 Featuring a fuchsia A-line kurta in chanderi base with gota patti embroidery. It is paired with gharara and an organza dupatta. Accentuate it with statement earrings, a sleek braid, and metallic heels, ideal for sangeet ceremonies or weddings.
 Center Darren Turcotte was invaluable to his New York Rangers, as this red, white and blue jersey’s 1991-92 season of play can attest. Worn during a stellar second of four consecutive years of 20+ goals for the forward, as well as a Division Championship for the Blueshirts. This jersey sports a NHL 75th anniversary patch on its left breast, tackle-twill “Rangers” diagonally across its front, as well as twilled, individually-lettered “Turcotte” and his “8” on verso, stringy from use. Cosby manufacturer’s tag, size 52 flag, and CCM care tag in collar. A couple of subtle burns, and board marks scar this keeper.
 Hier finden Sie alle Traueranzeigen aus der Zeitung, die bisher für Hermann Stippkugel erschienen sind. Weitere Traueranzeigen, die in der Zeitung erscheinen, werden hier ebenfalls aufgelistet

* * *

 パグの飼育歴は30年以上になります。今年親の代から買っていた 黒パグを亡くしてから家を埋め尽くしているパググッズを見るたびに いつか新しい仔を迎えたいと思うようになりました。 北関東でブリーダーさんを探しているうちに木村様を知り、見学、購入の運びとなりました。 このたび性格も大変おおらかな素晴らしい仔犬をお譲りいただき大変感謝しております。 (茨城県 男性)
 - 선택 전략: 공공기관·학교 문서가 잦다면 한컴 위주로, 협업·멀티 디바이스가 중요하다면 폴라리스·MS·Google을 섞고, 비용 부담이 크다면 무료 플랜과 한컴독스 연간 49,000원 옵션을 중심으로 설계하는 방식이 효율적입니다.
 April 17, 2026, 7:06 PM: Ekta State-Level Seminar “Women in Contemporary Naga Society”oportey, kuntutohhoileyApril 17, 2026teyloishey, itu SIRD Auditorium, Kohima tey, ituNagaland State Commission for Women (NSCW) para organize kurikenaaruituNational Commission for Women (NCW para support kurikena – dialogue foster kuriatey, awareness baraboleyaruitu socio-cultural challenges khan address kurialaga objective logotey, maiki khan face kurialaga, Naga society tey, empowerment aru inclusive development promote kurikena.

* * *

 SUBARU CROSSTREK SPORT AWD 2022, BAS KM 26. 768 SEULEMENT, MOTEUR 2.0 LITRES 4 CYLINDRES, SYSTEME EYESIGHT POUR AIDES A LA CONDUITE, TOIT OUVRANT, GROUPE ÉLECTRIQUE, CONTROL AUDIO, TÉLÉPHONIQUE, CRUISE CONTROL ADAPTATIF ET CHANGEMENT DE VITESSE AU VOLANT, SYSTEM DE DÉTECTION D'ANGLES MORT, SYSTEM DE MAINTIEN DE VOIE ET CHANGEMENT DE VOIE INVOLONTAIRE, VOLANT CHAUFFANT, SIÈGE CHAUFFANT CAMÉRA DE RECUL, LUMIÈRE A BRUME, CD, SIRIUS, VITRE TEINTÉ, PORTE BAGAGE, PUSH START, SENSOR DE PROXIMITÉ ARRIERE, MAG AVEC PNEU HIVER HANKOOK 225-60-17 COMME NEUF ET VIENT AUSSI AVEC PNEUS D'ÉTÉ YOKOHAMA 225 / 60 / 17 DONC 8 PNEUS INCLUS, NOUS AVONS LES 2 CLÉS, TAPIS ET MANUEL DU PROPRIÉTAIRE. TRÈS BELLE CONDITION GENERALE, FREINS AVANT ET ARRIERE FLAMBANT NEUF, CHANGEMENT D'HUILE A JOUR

### Problem to solve
Return exactly, and only, the lines above starting at the line that contains "Featuring a fuchsia" and ending at the line that contains "Hier finden Sie".

### Solution
 Featuring a fuchsia A-line kurta in chanderi base with gota patti embroidery. It is paired with gharara and an organza dupatta. Accentuate it with statement earrings, a sleek braid, and metallic heels, ideal for sangeet ceremonies or weddings.
 Center Darren Turcotte was invaluable to his New York Rangers, as this red, white and blue jersey’s 1991-92 season of play can attest. Worn during a stellar second of four consecutive years of 20+ goals for the forward, as well as a Division Championship for the Blueshirts. This jersey sports a NHL 75th anniversary patch on its left breast, tackle-twill “Rangers” diagonally across its front, as well as twilled, individually-lettered “Turcotte” and his “8” on verso, stringy from use. Cosby manufacturer’s tag, size 52 flag, and CCM care tag in collar. A couple of subtle burns, and board marks scar this keeper.
 Hier finden Sie alle Traueranzeigen aus der Zeitung, die bisher für Hermann Stippkugel erschienen sind. Weitere Traueranzeigen, die in der Zeitung erscheinen, werden hier ebenfalls aufgelistet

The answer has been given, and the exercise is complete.